Chustz never saw combat in Vietnam, saying in hindsight that he was extremely lucky to avoid firefights, bombings and other attacks. But at the time, everything was always very tense. The volatile southeast-asian weather didn’t help either.
“Were were on duty 24 hours a day – even when you were asleep, you were still on duty,” he said. “It was very hot, and it rained all the time. Every time we went out we were driving through hostile territory, but we never saw anything. We were incredibly lucky.”
But some of Chustz comrades and friends weren’t so lucky.
“All the time we would hear about convoys that were ambushed; and during one of those ambushes I knew some of the men that were killed.”

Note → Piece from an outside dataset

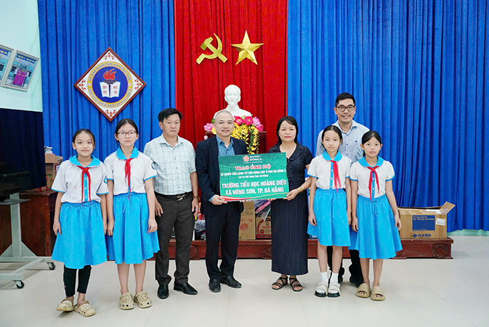Theo đó, đoàn đã trực tiếp trao các suất quà gồm vở bút, dụng cụ học tập và nhu yếu phẩm, đây là phần đóng góp từ nhiều tấm lòng hảo tâm tại điểm tiếp nhận Đại học Đông Á đến toàn bộ học sinh tại 3 điểm trường tiểu học tại xã Nông Sơn (Quảng Nam cũ, nay là TP.Đà Nẵng). Với tổng 1.301 học sinh tại 3 trường TH Phạm Phú Thứ, TH Hoàng Diệu và TH Nguyễn Đình Hiến, đoàn đã trao 14.159 cuốn vở, 2.435 bút chì, 2.000 bút bi, 1.423 bút mực cùng các văn phòng phẩm và đồ dùng khác đến đại diện nhà trường. Đồng thời, 5 suất hỗ trợ gồm tiền mặt và nhu yếu phẩm cũng được trao đến 5 gia đình khó khăn, bị thiệt hại nặng trong đợt lũ lụt lịch sử cuối tháng 10 vừa qua tại xã Nông Sơn.
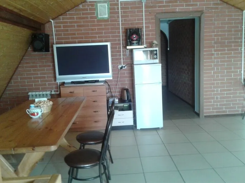 В комнате есть телевизор (20 каналов), музыкальный центр, микроволновая печь, электрический чайник, посуда.Кухня-столовая- находится на 1 этаже, в ней все необходимое:

Chustz is not oblvious to the fact that the Vietnam War was unpopular here in the states. While he declined to share his own views on the conflict, he did say that when he came home he was treated with respect.
“Some soldiers weren’t treated right when they got home, but that never happened to me; no one called me ‘murderer’ or ‘baby killer’ when I go home,” he said. “People would open doors for me,constantly say ‘thank you’ – I felt it was a lot for them to do and I appreciated it.”
After Chustz left Vietnam in ‘68, he got lucky once again. He was eventually hand-picked to serve as a driver at the White House, bust it still took him a while to prove he wasn’t a spy.
“Again I got lucky as hell; but here I was thinking it would take me a few days to get started, and I was wrong,” he said. “It took ten months for me to get clearance and my wife to get clearance. It was very excited the entire time though, especially when I finally got there.
While he never drove for a sitting president, he did have the opportunity to drive for the next best thing.
“Oh, I got to drive for many people, including Ronald Reagan – my favorite president,” said Chustz. “I never drove for him while he was president, but when I did drive for him he struck me as the nicest person. I remember on one drive, we spoke for a solid 30 minutes, at least.”
Today, Chustz drives across the United States as a commercial trucker. When asked about his feelings on Memorial Day almost half a century after leaving Vietnam, Chustz, a humble man, repeated again that he is no hero and says that all honor should be directed to the fallen.
“I’m not a hero,” he said. “The real heroes are the men who fought and died, or came home wounded. The infantrymen were the real fighters. 50,000 Americans died over there, and they deserve all the credit.”